Opening Argument – More Racial Gerrymanders

National Journal

When conservative Republicans such as House Speaker Dennis Hastert and Senate Majority Leader Bill Frist jointly sponsor Voting Rights Act amendments with such liberal Democrats as Rep. John Conyers and Sen. Edward Kennedy, be suspicious.

They are steamrollering through Congress bipartisan legislation to renew for the next 25 years a much-misunderstood, largely anachronistic provision (Section 5) of the Voting Rights Act, including amendments that are driven by racial-identity politics and that would aggravate ideological polarization.

The amendments would turn back the clock on racial progress by requiring even more racial gerrymandering of election districts than under current law.

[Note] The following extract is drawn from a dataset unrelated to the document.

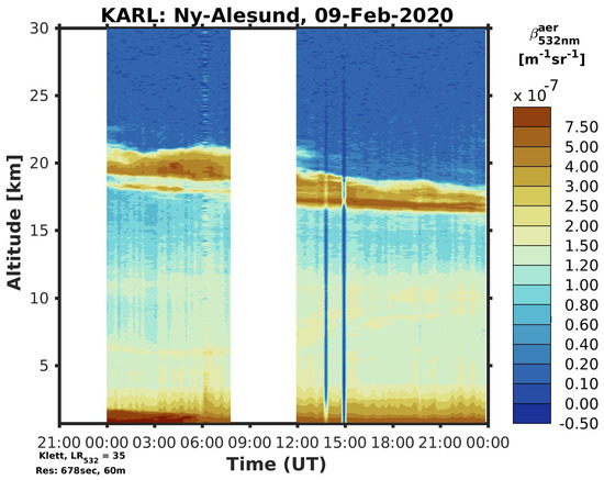 Polar Stratospheric Clouds (PSC) can occur in the Arctic lower stratosphere, when the temperature drops below 195 K. PSCs provide the surface, on which chemical reaction can take place to form free chlorine radicals, which directly destroy ozone molecules. Due to the required low temperatures of the atmosphere, they are typically observed in Ny-Ålesund between December and February [30]. While the global temperature in the troposphere increases significantly due to climate change, the stratosphere cools down at the same time [31]. This effect enhances the probability of PSC formation. Therefore, it is not trivial to directly transfer older studies like [32,33] to today’s occurrence probabilities of PSCs. Since these stratospheric clouds occur above Ny-Ålesund only during winter, when in parallel the AOD is significantly higher than during summer time, we estimate the possible impact of a PSC to star photometer observations. To obtain a height-dependent information about the PSC, we use additional Raman Lidar data. By measuring the back-scattering coefficient of aerosol and cloud layers, distinct and different layers can be identified. The presented ground-based observations (Figure 8) by the Raman Lidar KARL (Koldewey Aerosol Raman Lidar), which is operated manually from Ny-Ålesund, shows one exemplary day with a thick and persistent PSC in February 2020. The temporal resolution is 10 min with a spatial resolution of 60 m. More information about the Raman Lidar KARL can be found at Hoffmann [34]. A rough estimation of the AOD can be obtained from the extinction coefficient measured of a Raman Lidar. More information about the calculation of the AOD are described by Herrmann et al. [35].

And the extension of Section 5, as currently drafted, would perpetuate an extraordinarily punitive oversight regime that gives to federal political appointees and not-exactly-apolitical bureaucrats at the Justice Department unreviewable power to dictate state and local election rules in nine (mostly Southern) states and some other jurisdictions.

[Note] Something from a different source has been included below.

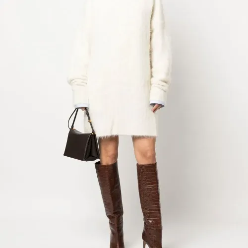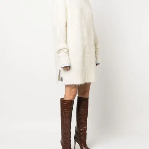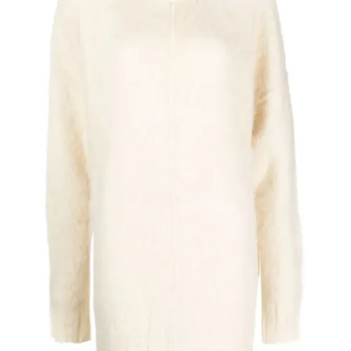 Кремовый, смесовая шерсть альпаки, трикотажный материал, матовое покрытие, вытачки, приспущенные плечи, края в рубчик, круглый вырез, длинные рукава, прямой подол и длина выше колена.
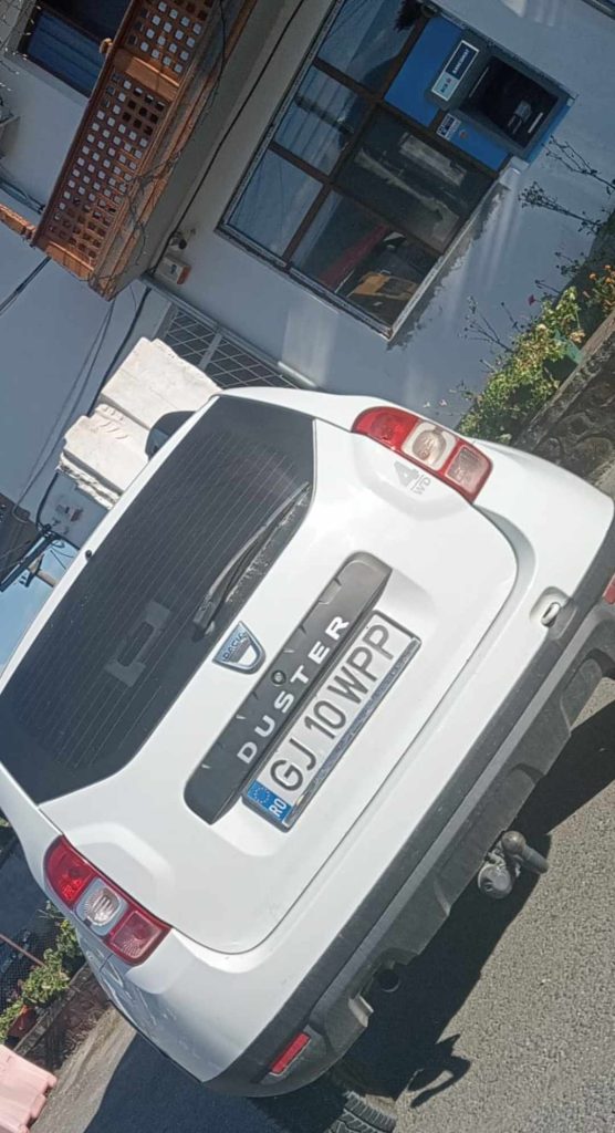 Celălalt Duster cu numărul GJ 10 WPP, fiind fosta mașină a Poliției Locale Peștișani, desființată între timp, se află și acum în fața primăriei.

Why would broad bipartisan majorities of House and Senate incumbents want to do that? To help themselves win re-election, for starters. More specifically, Democrats are pandering to the demands of black and Hispanic politicians for safe seats and to the ideological obsessions of the civil-rights lobby, which still sees America as so steeped in racism that whites just won’t vote for minority candidates.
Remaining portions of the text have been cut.